Bus number 1 to the city centre, bus number 2 to the entrance of Knossos.
An amazing site. Have I said that in every day’s blog on this trip? 5 storeys high in places. 1,300 rooms. The Minoan civilization crashed before the Greeks’ golden age had even begun. We will have to read a lot more about this civilization when we get home. One interesting tidbit: Greek columns taper upward so that the larger base gives the stone columns some stability. Minoan columns are wider at the top — because they were made out of cypress trunks that were inverted to prevent them from sprouting.
Beautiful fresco but sort of made up. Apparently Arthur Evans pieced it together rather arbitrarily. Some pieces were even found in different rooms!
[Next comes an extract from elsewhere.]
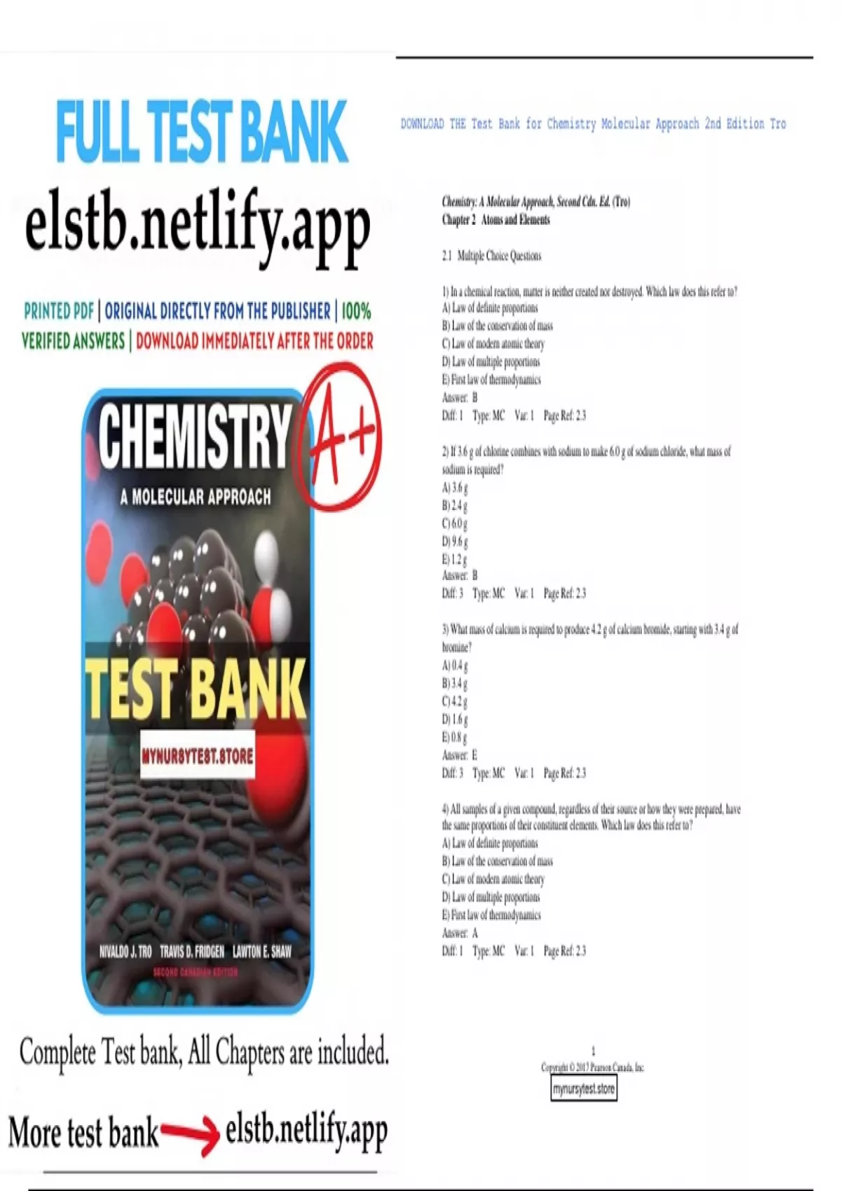 , DOWNLOAD THE Test Bank for Chemistry Molecular Approach 2nd Edition Tro DOWNLOAD THE Test Bank for Chemistry Molecular Approach 2nd Edition Tro
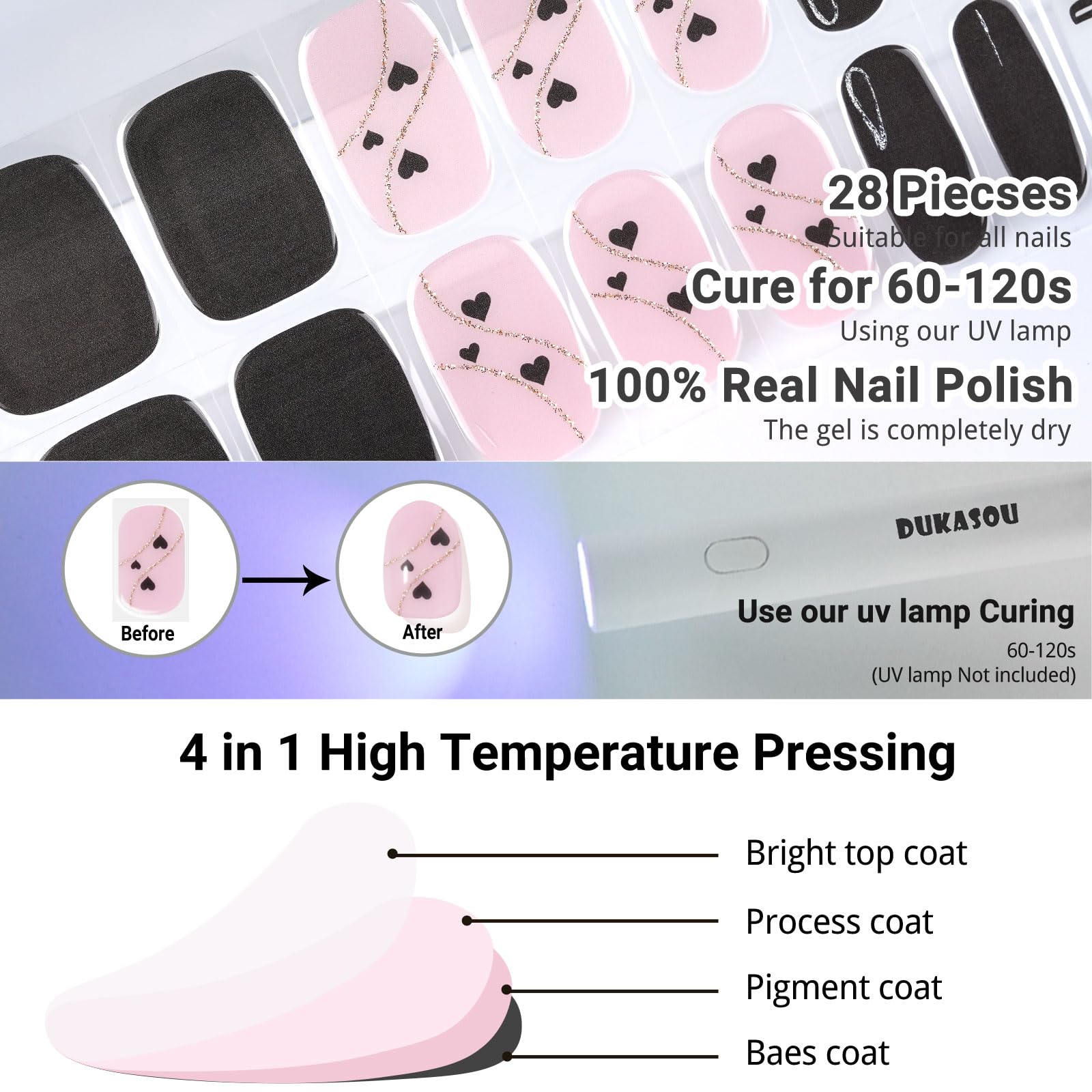 DUKASOU Semi Cured Gel Nail Strips, Black Heart | 28 pcs Gel Nail Strips Work with Any UV Lamp, Salon Quality Nail Stickers, Include Prep Pads, Nail File&Wood Stick

In the following picture you can easily see where interventions have taken place. Arthur Evans was here before the rules are archaeologists were set in stone, pardon the pun. He guessed at many things, and rebuilt sections based on his guesses rather than accurate archaeological evidence. Bad thing. However, you can clearly see rocks at the site that have really been destroyed by the weather over the last 3500 years. I haven’t seen this kind of damage before. I’m not an archaeologist but I will make the assumption that the rock is softer here, or of a different composition and is therefore more prone to damage. In any case, Evans’ interventions, concrete caps, supports etc have certainly helped to preserve elements of the site.
After visiting the site, we went back to the City Centre to visit the Archaeological Museum. It is the best museum we have seen on this trip, by far. Very clear text panels trace the history of Crete and the Minoan civilization from about 6 or 7000 BC to after the Romans. Thousands of artifacts, beautifully displayed and lit, and clearly labelled.
By the end of the day, even though we had not walked far, we were totally Minoaned-out! Tomorrow will be a wandering day in Chania.